@quantleaf/probly-search
v1.2.4
Published
A lightweight full-text search engine with a fully customizable scoring function
Downloads
2
Maintainers
Readme
probly-search ·
A full-text search library, optimized for insertion speed, that provides full control over the scoring calculations.
This start initially as a port of the Node library NDX.
Demo
Recipe (title) search with 50k documents.
https://quantleaf.github.io/probly-search-demo/
Features
Three ways to do scoring
- BM25 ranking function to rank matching documents. The same ranking function that is used by default in Lucene >= 6.0.0.
- zero-to-one, a library unique scoring function that provides a normalized score that is bounded by 0 and 1. Perfect for matching titles/labels with queries.
- Ability to fully customize your own scoring function by implenting the
ScoreCalculator
trait.
Trie based dynamic Inverted Index.
Multiple fields full-text indexing and searching.
Per-field score boosting.
Configurable tokenizer and term filter.
Free text queries with query expansion.
Fast allocation, but latent deletion.
Documentation
Documentation is under development. For now read the source tests.
Example
Creating an index with a document that has 2 fields. Query documents, and remove a document.
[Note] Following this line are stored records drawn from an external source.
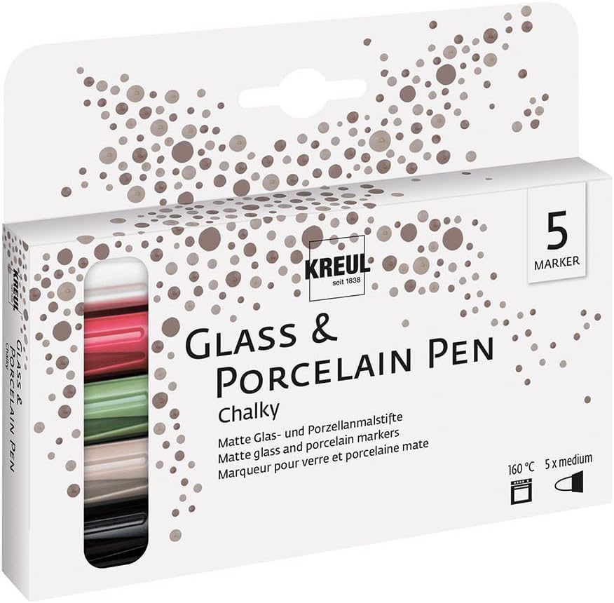 Confezione 5 pennarelli " GESSO" per Vetro e Porcellana punta Media ( Bianco, Rosso, Verde Rosmarino, Torrone, carbonio Nero ).
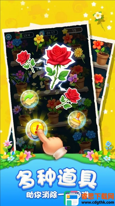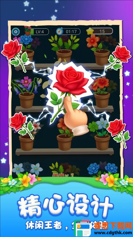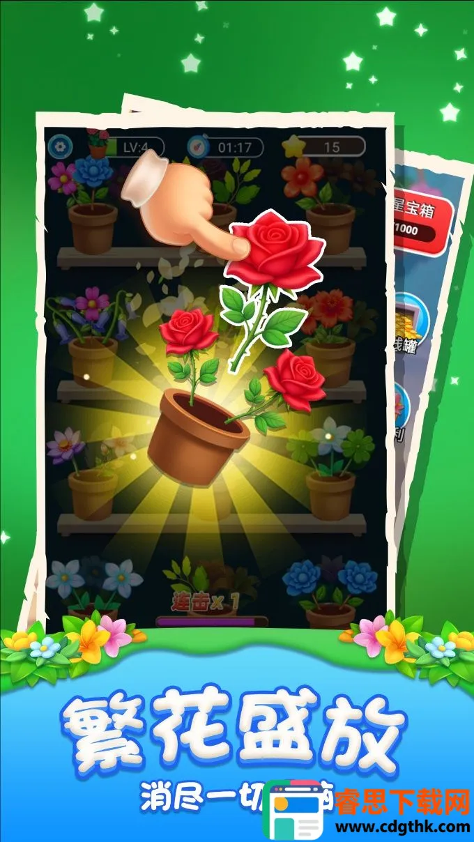 4. 满屏五颜六色花朵,结合插花元素,玩法新颖,界面绚丽,给你愉悦体验。
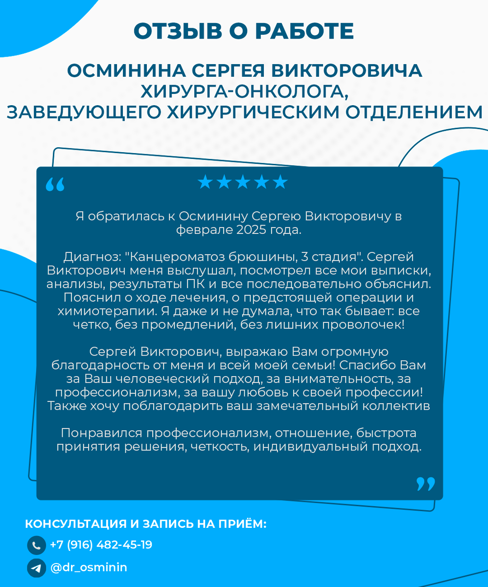 Пациентка с канцероматозом брюшины написала о первом визите к Сергею Викторовичу: «Всё последовательно объяснил. Без промедлений, без проволочек». А потом – операция, химиотерапия, и, главное, уверенность, что всё делается правильно. Такие слова – не просто благодарность. Это знак доверия. А для нас – подтверждение, что делаем всё верно. Консультация и запись на приём: Осминин Сергей Викторович – хирург, онколог, заведующий хирургическим отделением https://t.me/dr_osminin +7 (916) 482-45-19 Другие отзывы вы можете прочитать по ссылке: https://prodoctorov.ru/moskva/vrach/434180-osminin/

use std::collections::HashSet;
use probly_search::{
index::{add_document_to_index, create_index, remove_document_from_index, Index},
query::{
query,
score::default::{bm25, zero_to_one},
QueryResult,
},
};
// Create index with 2 fields
let mut index = create_index::<usize>(2);
// Create docs from a custom Doc struct
let doc_1 = Doc {
id: 0,
title: "abc".to_string(),
description: "dfg".to_string(),
};
let doc_2 = Doc {
id: 1,
title: "dfgh".to_string(),
description: "abcd".to_string(),
};
// Add documents to index
add_document_to_index(
&mut index,
&[title_extract, description_extract],
tokenizer,
filter,
doc_1.id,
doc_1.clone(),
);
add_document_to_index(
&mut index,
&[title_extract, description_extract],
tokenizer,
filter,
doc_2.id,
doc_2,
);
// Search, expected 2 results
let mut result = query(
&mut index,
&"abc",
&mut bm25::new(),
tokenizer,
filter,
&[1., 1.],
None,
);
assert_eq!(result.len(), 2);
assert_eq!(
result[0],
QueryResult {
key: 0,
score: 0.6931471805599453
}
);
assert_eq!(
result[1],
QueryResult {
key: 1,
score: 0.28104699650060755
}
);
// Remove documents from index
let mut removed_docs = HashSet::new();
remove_document_from_index(&mut index, &mut removed_docs, doc_1.id);
// Vacuum to remove completely
vacuum_index(&mut index, &mut removed_docs);
// Search, expect 1 result
result = query(
&mut index,
&"abc",
&mut bm25::new(),
tokenizer,
filter,
&[1., 1.],
Some(&removed_docs),
);
assert_eq!(result.len(), 1);
assert_eq!(
result[0],
QueryResult {
key: 1,
score: 0.1166450426074421
}
);
Go through source tests in for the BM25 implementation and zero-to-one implementation for more query examples.